Tell us a little bit about your design career so far.

In 2016 I graduated DIT (now TU Dublin) with a BA in Visual Communication and started working at a tech startup called Intouch as lead designer of a small team. The next year I got my first agency job at Thinkhouse, a full service agency with a focus on youth culture in Ireland. I met so many inspiring, creative people there, as well as future collaborators such as Mona-Lxsa the founder of the female collective GXRL CODE which we ran together at the time. I started the role as a Middleweight Designer and by the end of my almost 3 year term, I was Design Manager.

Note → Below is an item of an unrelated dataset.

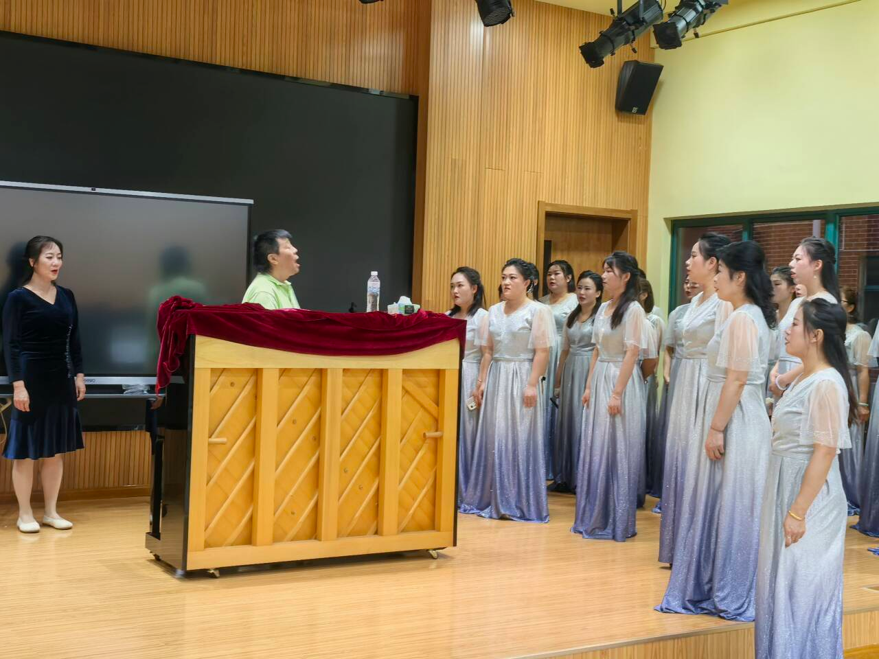 演唱现场,大家着装整齐,精神焕发,随着指挥的节奏,大家以饱满的热情和嘹亮的歌声投入到演唱中,歌声传递着对教育事业的无限忠诚与对美好生活的深切热爱。和谐统一的音色与深情并茂的演绎,深深打动了在场的每一个人。

I then went freelance in 2019 and now I run my own branding and illustration studio, enemaku. I’ve had the chance to work with amazing brands such as Arnotts, Facebook, Guinness, St. Patrick’s Festival, Cadbury and Gill Books. I won a 100Archive Award in 2020 for my Dublin Vinyl record packaging and my first children’s book was published by Gill Books in 2022, I Believe In You by Deborah Somorin. I also founded DesignOpp, an IDI initiative championing diversity for POC in Irish Design.

How did you land your first design job?

I actually had a design internship before I graduated which later turned into paid work. My friend disappeared on a night out and when she came back it turns out she had been singing my praises to a designer who ran a small branding company called Logo24. I took his business card and followed up with him the week after and got an internship there. Definitely unorthodox but shows the importance of networking (and having great friends!)

What pivotal moments defined your pathway to becoming a successful illustrator?

The most pivotal moment was definitely the act of choosing to work for myself so I could pursue illustration properly. I knew that I was never going to get to do the type of illustration I wanted working in most traditional studios and agencies. The only way was to carve out my own space in the world so that the right agencies and clients would know where to find me when they wanted to collaborate. There were also specific projects I worked on that I know led to other big jobs. My Black Girl Magic series for Hens Teeth sparked interviews and new clients, as did my first childrens book I Believe In You which has opened me up to more jobs in publishing.

Can you share a piece of advice you wish you had known at the beginning of your career?

I wish I’d known how important having an accountant was and how much stress it would save me! I even got that advice from a friend and colleague to get an accountant but I thought it would be fine if I waited until the end of my first year. Big mistake! Get one immediately so you have someone to run by any queries you have about your business. I waited and then made a VAT blunder because I tried to do it all myself. If you’re self-employed or just starting freelancing my advice to you is to get an accountant and save yourself the trouble. And remember you don’t have to do it all yourself, reach out to friends, colleagues and other professionals if you need advice on something that’s outside your area of expertise.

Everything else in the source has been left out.